Labor Pains: Because Being in a Union can be Painful

The State of State Affairs

With the spotlight on the presidential race and the union politics surrounding the Democratic National Convention, Big Labor’s influence at the state level has been overlooked as of late. But recent stories bring state politics back to the fore.

When the discussion is about spending $1 billion or $4 billion dollars on all political activity, the numbers are too mind-numbing to appreciate. But on a smaller scale, the effects of union political giving are clearer to see than when the figures are astronomical.

First, we learned about the money flowing from union coffers to the Democratic Governors Association. Now, we see even more direct influence peddling by unions.

In what might be chalked up to a case of bad timing, Illinois Democrats in the state house were under fire after the head of the chamber reported donations from the SEIU at the eleventh hour before a critical state pension vote. The Chicago Sun-Times reports:

One of Illinois’ most influential labor unions denied Monday that nearly $100,000 it contributed to a campaign fund controlled by House Speaker Michael Madigan was part of a “quid pro quo” designed to kill a pension-reform package in his legislative chamber last week.

State campaign records show the Democratic Majority fund reported receiving $97,000 last Friday from SEIU Healthcare Illinois and SEIU Illinois Council, the same day a special legislative session called by Gov. Pat Quinn to fix Illinois’ $83 billion pension crisis ended in failure.

Madigan (D-Chicago) wouldn’t allow a floor vote on Senate-passed legislation that would have reeled in pension benefits for state workers and General Assembly members and only allowed a procedural vote on a slimmed-down measure affecting just lawmakers’ pensions.

And 1,000 miles southwest of Springfield, New Mexico’s state government renewed a controversy over Big Labor’s influence over the state’s top law enforcement official. According to the New Mexican:

Attorney General Gary King, a Democrat who is running for governor in 2014, and the state Republican Party are still at each other’s throats over an investigation of Republican Gov. Susana Martinez’s administration.

[…]

State GOP executive director Mark Knoop in a Monday news release said, “Gary King received over $90,000 in campaign contributions from labor unions and now acts as their ‘puppet-prosecutor’ — launching baseless investigations anytime the union PAC asks him to do so. King has announced his campaign for governor, and these unions are his largest contributor. Yet, he sees no conflict-of-interest in doing the bidding of his top donor against his political opponent.”
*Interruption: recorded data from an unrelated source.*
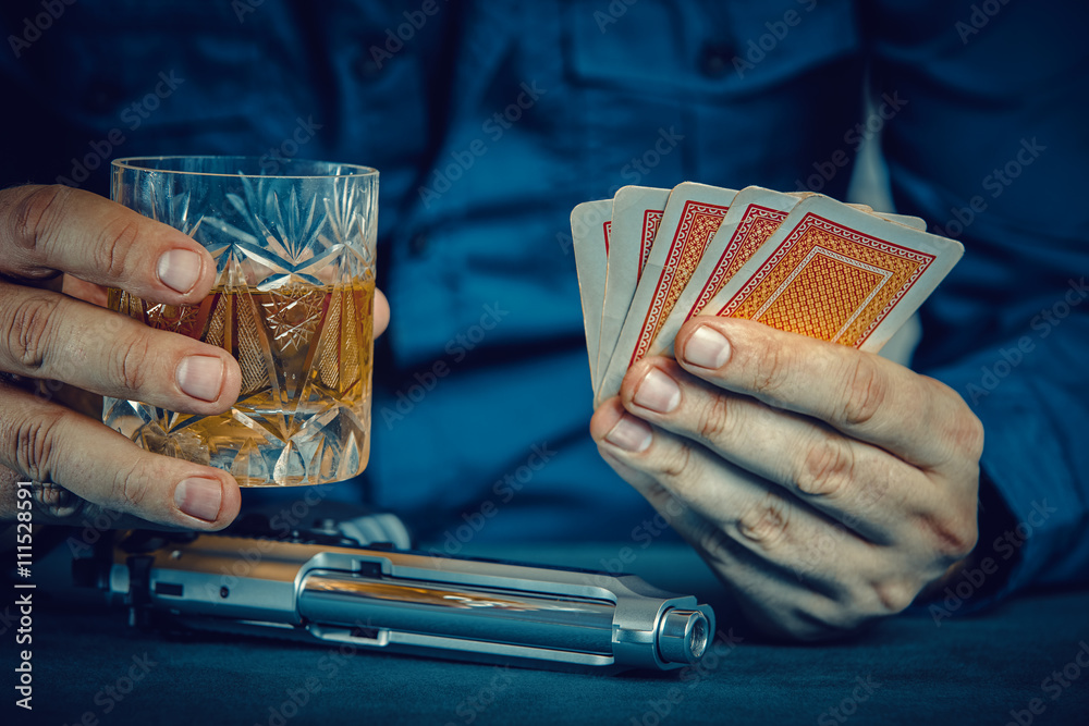 Samolepka gangster with gun holding whiskey glass and playing poker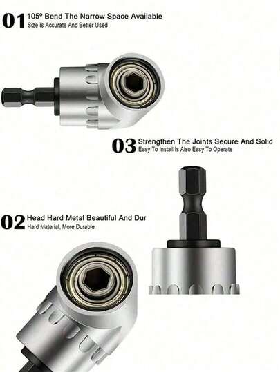 1个高精度耐用105度直角钻头/起子 - 直角钻头附件电动螺丝刀钻头适配器,通用型,适用于有线/无线电钻/冲击钻/锤钻,狭小空间作业/家居装饰/建筑翻新/DIY维修/家庭维护/车库工作室/木工的必备工具,圣诞节、生日、父亲节等节日送礼佳品,男士理想之选。 - 直角鑽頭 - 查看 6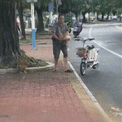 有遛鸟的,也有遛狗的,今儿这位大爷居然遛鸡。这鸡被他训得可真听话,看来从小陪伴着长大,什么小动物都能通人性。这两只老母鸡,要是下蛋的话,玩得更欢实。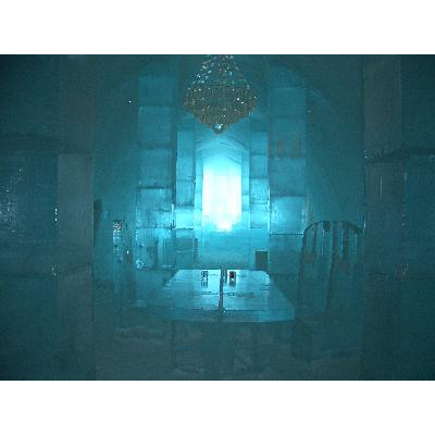 氷のホテルはユッカスヤルビにあります。私達はドゥンドレットからここまで電車やバスを乗り継いでいきました。ここはすべてが氷で出来ています。ベットまで氷で出来ており、その上にトナカイの皮が敷いてあります。その上で、寝袋にくるまって眠るようです。部屋にドアはありません。カーテンがドア代わりです。(ドアにすると、あかなくなり酸欠になると聞きました。)私達は宿泊せずに、観光しにいきました。記念に宿泊するのもいいかもしれませんね。ただ、内部はとても寒いです。防寒対策はしっかりしたほうが良いです。行ってから、風邪をひきました。ちなみに入場料は100Skrです。1時からガイドツアーがあります(入場料に込み)

Unlike the shockingly-high dollar amounts given at the national level, it is easy to see how giving to a single, powerful political figure can be all the difference in a state level debate.

Unions know this and spend plenty on what many would see as small battles. Although private sector unions are often more interested in federal elections because they are more directly affected by federal labor laws, public sector unions have a lot to gain from engaging in state government. That’s also why unions are dumping millions into state referendum efforts in California and Michigan.
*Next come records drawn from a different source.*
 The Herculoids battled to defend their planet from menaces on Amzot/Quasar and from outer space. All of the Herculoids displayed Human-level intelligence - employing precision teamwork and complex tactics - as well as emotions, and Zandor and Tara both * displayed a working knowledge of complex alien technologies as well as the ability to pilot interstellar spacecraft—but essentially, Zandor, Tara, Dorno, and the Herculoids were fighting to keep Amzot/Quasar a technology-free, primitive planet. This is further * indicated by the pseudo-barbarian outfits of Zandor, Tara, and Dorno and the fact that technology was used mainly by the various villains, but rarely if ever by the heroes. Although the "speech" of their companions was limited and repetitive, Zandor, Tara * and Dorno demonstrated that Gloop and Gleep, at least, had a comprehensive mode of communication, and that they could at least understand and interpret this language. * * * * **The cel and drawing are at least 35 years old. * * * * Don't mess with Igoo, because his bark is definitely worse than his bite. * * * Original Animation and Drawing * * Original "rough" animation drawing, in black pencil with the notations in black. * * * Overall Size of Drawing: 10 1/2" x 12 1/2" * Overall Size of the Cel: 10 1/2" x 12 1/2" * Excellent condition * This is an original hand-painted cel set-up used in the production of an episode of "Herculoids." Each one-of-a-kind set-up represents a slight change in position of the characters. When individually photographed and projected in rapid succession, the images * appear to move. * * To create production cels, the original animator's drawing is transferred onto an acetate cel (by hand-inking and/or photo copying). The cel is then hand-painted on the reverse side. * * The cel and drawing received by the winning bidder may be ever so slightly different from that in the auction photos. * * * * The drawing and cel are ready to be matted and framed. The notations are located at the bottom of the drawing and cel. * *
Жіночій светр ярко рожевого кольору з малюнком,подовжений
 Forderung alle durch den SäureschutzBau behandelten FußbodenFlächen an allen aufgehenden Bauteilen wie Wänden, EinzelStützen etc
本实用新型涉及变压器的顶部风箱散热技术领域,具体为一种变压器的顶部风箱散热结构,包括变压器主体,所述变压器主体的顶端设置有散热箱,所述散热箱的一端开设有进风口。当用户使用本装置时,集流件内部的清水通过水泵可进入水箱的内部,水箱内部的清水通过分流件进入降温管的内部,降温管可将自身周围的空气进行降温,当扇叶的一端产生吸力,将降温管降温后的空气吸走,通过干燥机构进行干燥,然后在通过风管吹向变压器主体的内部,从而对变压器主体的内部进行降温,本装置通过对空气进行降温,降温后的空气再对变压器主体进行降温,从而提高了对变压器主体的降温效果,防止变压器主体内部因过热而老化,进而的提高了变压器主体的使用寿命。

In these legislative battles, unions are most concerned about pushing their agenda to the detriment of the state. In Illinois, Gov. Quinn’s attempt to fix the state’s pension shortfall failed with the help of at least one union-funded candidate. In Michigan, the governor and attorney general are fighting the inclusion of the union-backed ballot initiative, as they argue it would invalidate over 100 laws that have reformed labor laws in the state.